3.1 Jenis Penelitian


Penelitian yang dilakukan merupakan penelitian eksperimental sesungguhnya
(true experiment) mengingat dalam penelitian ini telah memenuhi tiga prinsip, yaitu
randomisasi, replikasi, dan adanya kelompok kontrol dan kelompok eksperimen
(Sugiyono, 2009). Penelitian ini merupakan penelitian eksperimen yang bertujuan
untuk mengetahui efesiensi daya serap biosorben ampas tahu dengan parameter
variasi massa biosorben ampas tahu serta mengamati secara langsung kualitas
limbah tekstil dengan parameter kenampakan, warna, bau menggunakan desain
penelitian Rancangan Acak Lengkap (RAL) atau Randomized Complete Block
Design.

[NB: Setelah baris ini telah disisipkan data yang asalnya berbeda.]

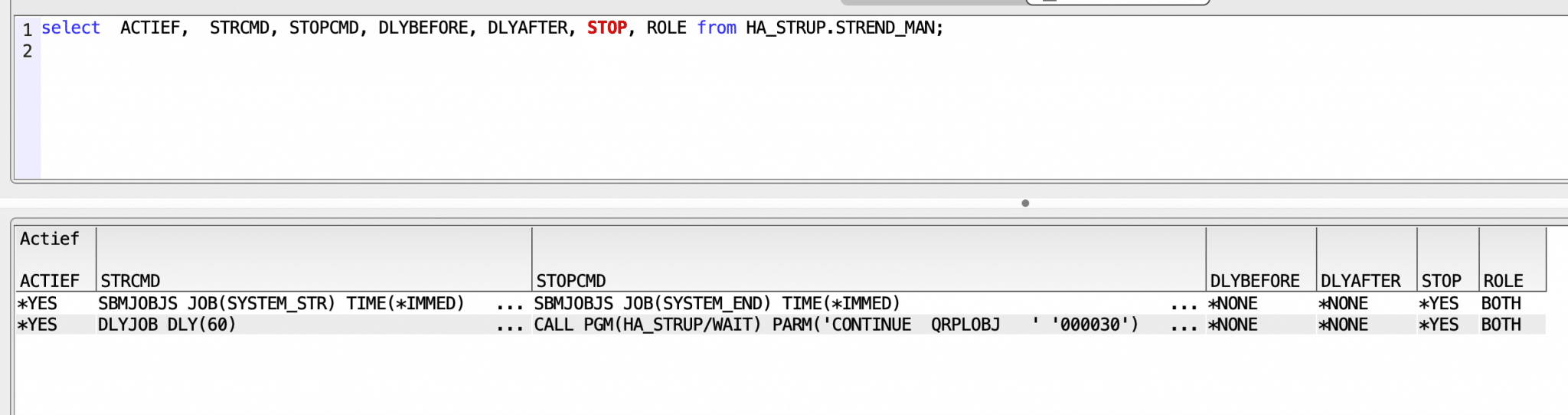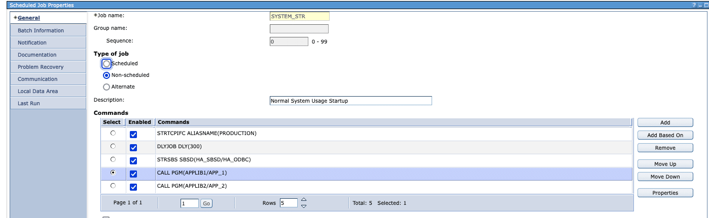 The command STRJOBJS is an Advanced Job Scheduler command which in this case starts the job SYSTEM_STR. This job allows us to make changes to the startup program without a recompile. Below an example of how a SYSTEM_STR Job might look:

Penelitian mengambil 4 perlakuan, yaitu 1 kelompok kontrol negatif (K-),
yaitu limbah tekstil yang tidak diberikan perlakuan, dan 3 kelompok perlakuan yaitu
perlakuan 1 (P1) adalah diberikan perlakuan dengan massa biosorben sebesar 0,625
gram, perlakuan 2 (P2) adalah diberikan perlakuan dengan massa biosorben sebesar
1,25 gram, dan perlakuan 3 (P3) adalah diberikan perlakuan dengan massa biosorben
sebesar 2,5 gram.

3.2 Rancangan Penelitian


Rancangan penelitian yang dilakukan adalah seperti pada gambar 3.1

Variabel bebas:
Variasi massa K(-) P1 P2 P3
(0,625) (1,25) (2,5)
biosorben yang
diberikan

Randomisasi
Limbah Tekstil
sampel
Variabel terikat:

Uji daya serap


X1 X2 X3
biosorben, uji efesiensi
dan uji kualitas limbah

Gambar 3.1 Sistematika Penelitian tentang Biosorben Ampas tahu


10
3.3 Subjek dan Objek Penelitian
Subjek dalam penelitian ini adalah biosorben ampas tahu dengan masing-
masing massa biosorben sebesar 0 gram, 0,625 gram, 1,25 gram dan 2,5 gram
sedangkan objek dalam penelitian ini adalah penurunan kadar Kromium dalam
limbah tekstil, perhitungan efesiensi daya serap ion kromium dan kualitas limbah
tekstil pada masing-masing variasi perlakuan.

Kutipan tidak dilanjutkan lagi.